From a hardware point of view imo an ideal setup would be;- x64/ARM cores for normal processing
- SPU/ALU array on the same die as the above for steam style processing
- DX11+ class GPU for graphics processing
That way you get a decent mix of the various processing requirements you have in a game; I'm kinda hoping the next consoles pick up this sort of mix of hardware tbh.
I agree entirely. We're going to need traditional CPUs for branchy stuff and scalar processing, pretty much everything we do on SIMD units today could be mapped to something like an SPU, and a discrete GPU can be optimized around graphics problems specifically, while still being general enough (as it already is) to be called in as reinforcements on some parallel problems.

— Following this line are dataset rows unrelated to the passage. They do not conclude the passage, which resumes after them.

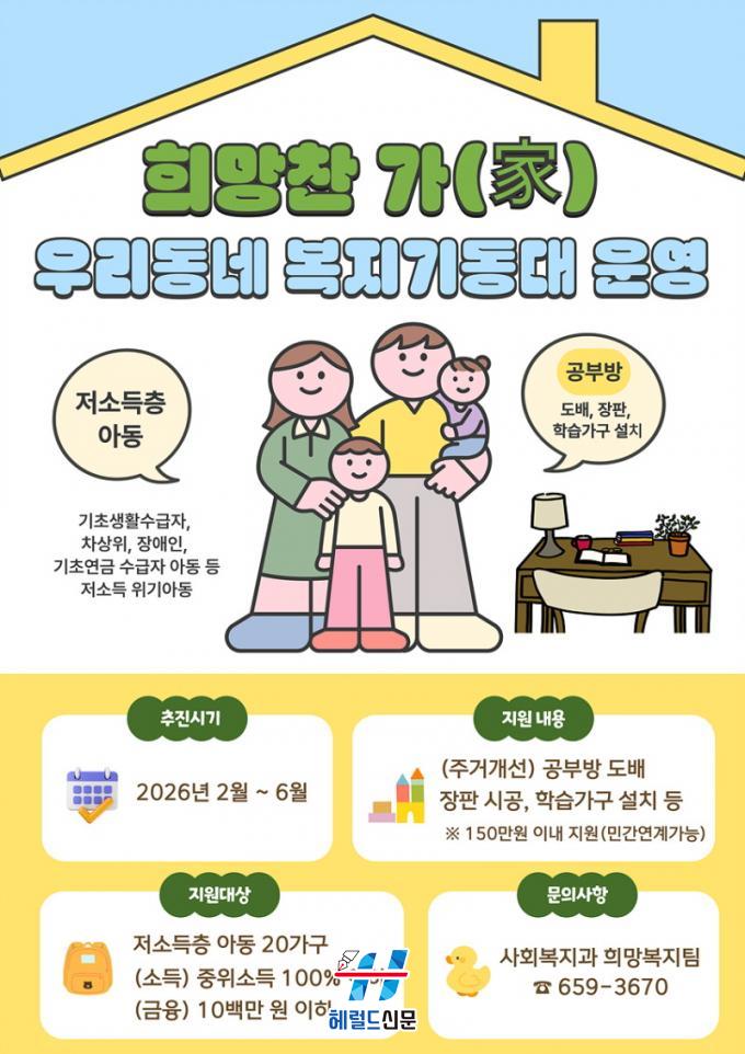 [Çì·²µå½Å¹® = ³ë½Â¾ð ±âÀÚ] ¿©¼ö½Ã(½ÃÀå Á¤±â¸í)´Â Àú¼ÒµæÃþ ¾Æµ¿ÀÇ ÇнÀ ¿©°Ç °³¼±°ú ¾ÈÀüÇÑ ÁְŰø°£ Á¶¼ºÀ» À§ÇØ 2026³â ÁÖ°Åȯ°æ °³¼±»ç¾÷ ¡®Èñ¸ÁÂù °¡(Ê«)¡¯¸¦ ÃßÁøÇÑ´Ù°í ¹àÇû´Ù.
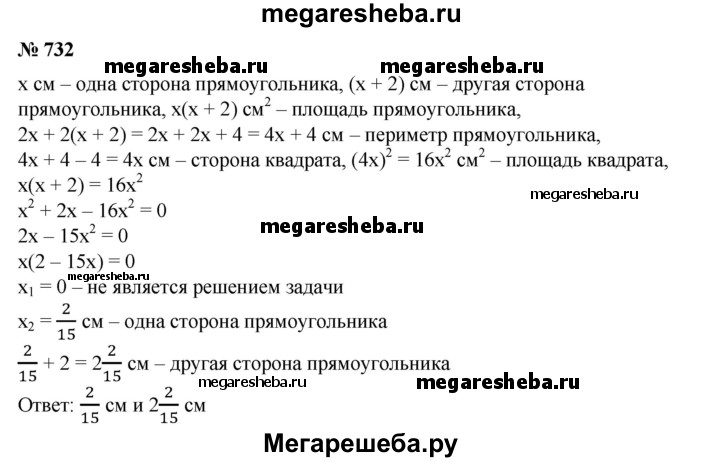 Подробный решебник (ГДЗ) по Алгебре за 8 (восьмой) класс - готовый ответ номер - 732. Авторы учебника: Алимов, Колягин, Сидоров. Издательство: Просвещение 2015.
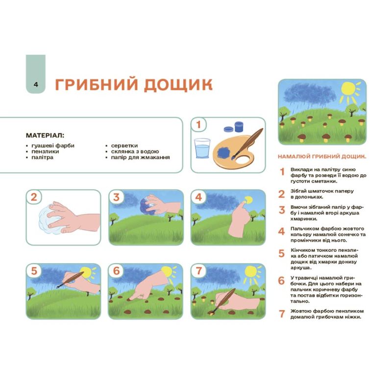 Передбачено малювання традиційними та нетрадиційними техніками (штампами, патичком, відбитками природного матеріалу та іншими).
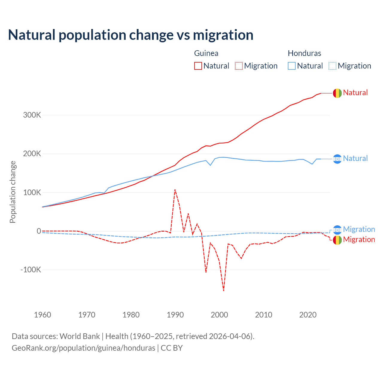 Over the last 10 years, 97.2% of the population change in Guinea is from natural causes (a gain of 3,346,936 people) and 2.76% is from migration (a loss of 94,924 people). In Honduras 96.7% is from natural causes (a gain of 1,821,125 people) and 3.29% is from migration (a loss of 61,965 people).
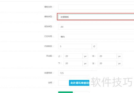 20、 输入模板名称,选择收据模板类型,填写说明内容后点击下一步。
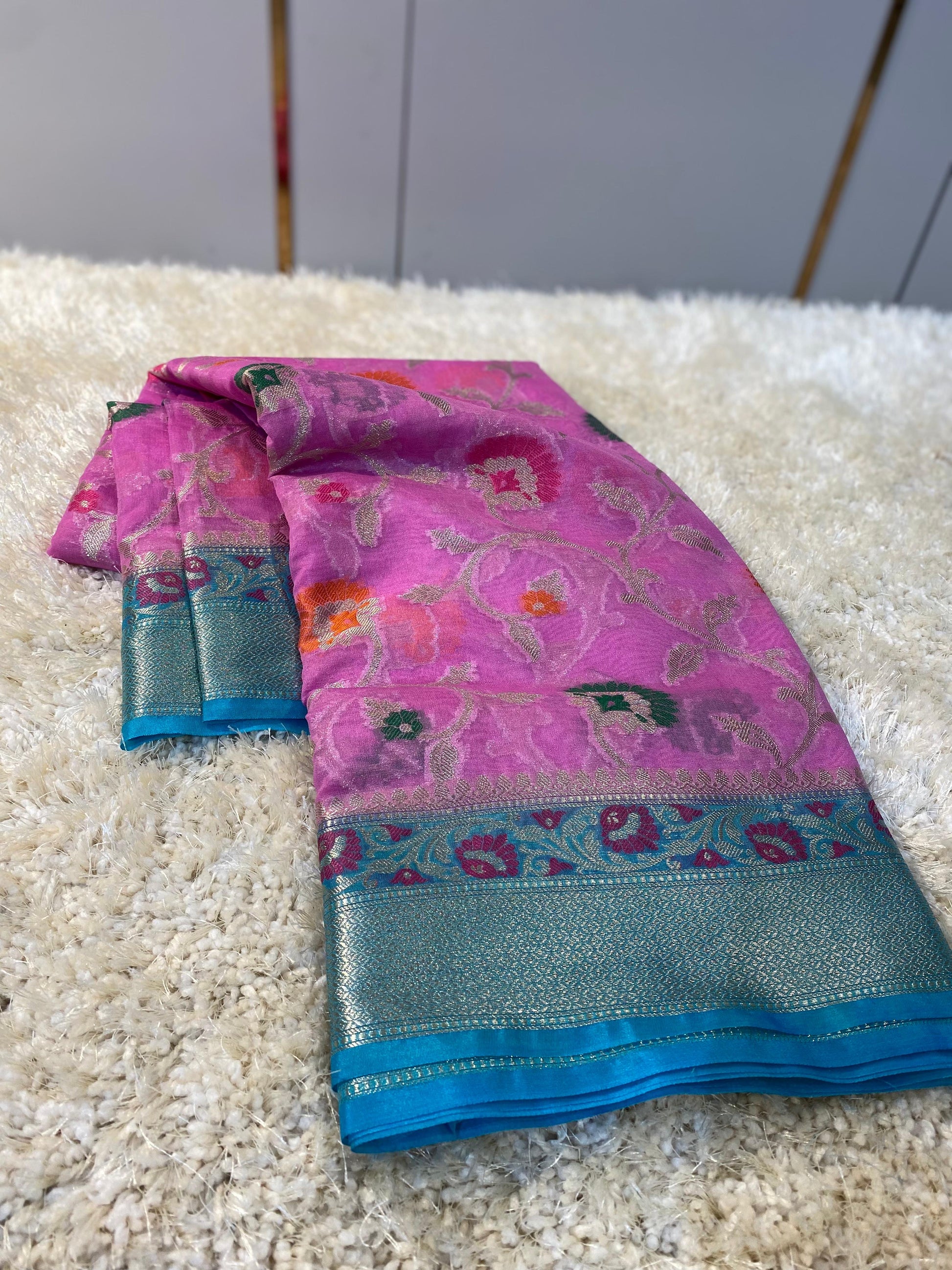 Banarasi Meenakari Georgette Silk Saree with Multi-Color Floral Weaving and Meena Border Blouse
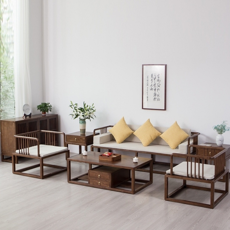 新しい中国式のソファーの実木は簡単で3人のシングルの小さい部屋型の客間のソファーは古い楡木の禅意の家具を組み合わせます。
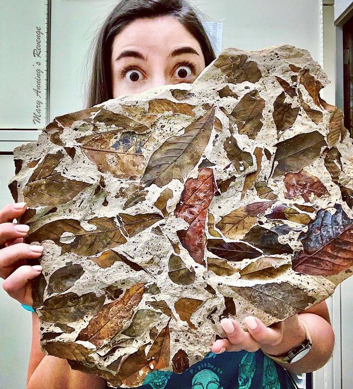 Палеонтолог Эми Л. Атуотер с окаменелые листьями потрясающей сохранности, обнаруженными в нижнеэоценовых (~50 млн лет) отложениях долины Уилламетт в западном Орегоне.
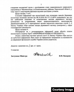 У вересні представники Мінекології України зверталися до ПрАТ «Юкрейніан кемікал Продактс» з проханням надати інформацію про виробничу діяльність її філії в Армянську, позаштатні ситуації та викиди забруднювальних речовин, починаючи з 20 серпня. Але в компанії повідомили «про відсутність можливості надання відповідної інформації», розповів заступник міністра екології та природних ресурсів України Віктор Вакараш.
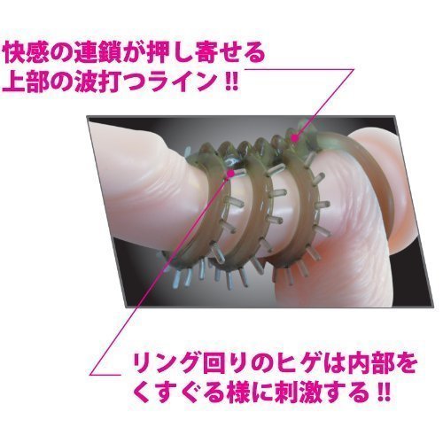 新しい刺激と快感に出会える!男根をしっかりと締め付け、持久力アップを強力にサポートする4連リング仕様の男性補助グッズ。タイプBは上部3つのリングに付いたトゲが、くすぐるように刺激を与える特殊形状!さらに連結部分の波形状が相手の敏感なところを責め立てます。また、リングを玉袋に通すか通さないかで体感する刺激が変化!いつもと違う快感と持続力で、貴方の日常を変えるペニスリングです。

I think the question in this set up is then, how much floating-point resources do CPUs have? Do they still have SIMD units? How about an FPU? If so, does each integer core get its own SIMD/FPU, or do we share between 2 or more integer cores like the newer SPARC cores and AMDs upcoming Bulldozer?
In my mind, you probably still need floating point on a per-core basis, but SIMD can probably be shared among 2-4 cores, if not eschewed entirely in favor of those SPU-like elements.
Give each CPU and SPU core their own cache, but put them on a shared cache at the highest level -- maybe let them DMA between lower-level caches -- and give them all explicit cache-control instructions. I think that would make for an awfully interesting architecture. Sans SIMD, you could probably double the number of CPU cores for a given area of die space.
8-16 ARM/x64/PPC cores, 8-32 "SPU" cores, plus a DX11-class GPU with 800 or so shader elements. Unified memory. Sign me up. I don't think its that far of a stretch to imagine something like that coming out of one of the console vendors next generation -- heck, its not much more than an updated mash-up of the PS3/360 anyhow.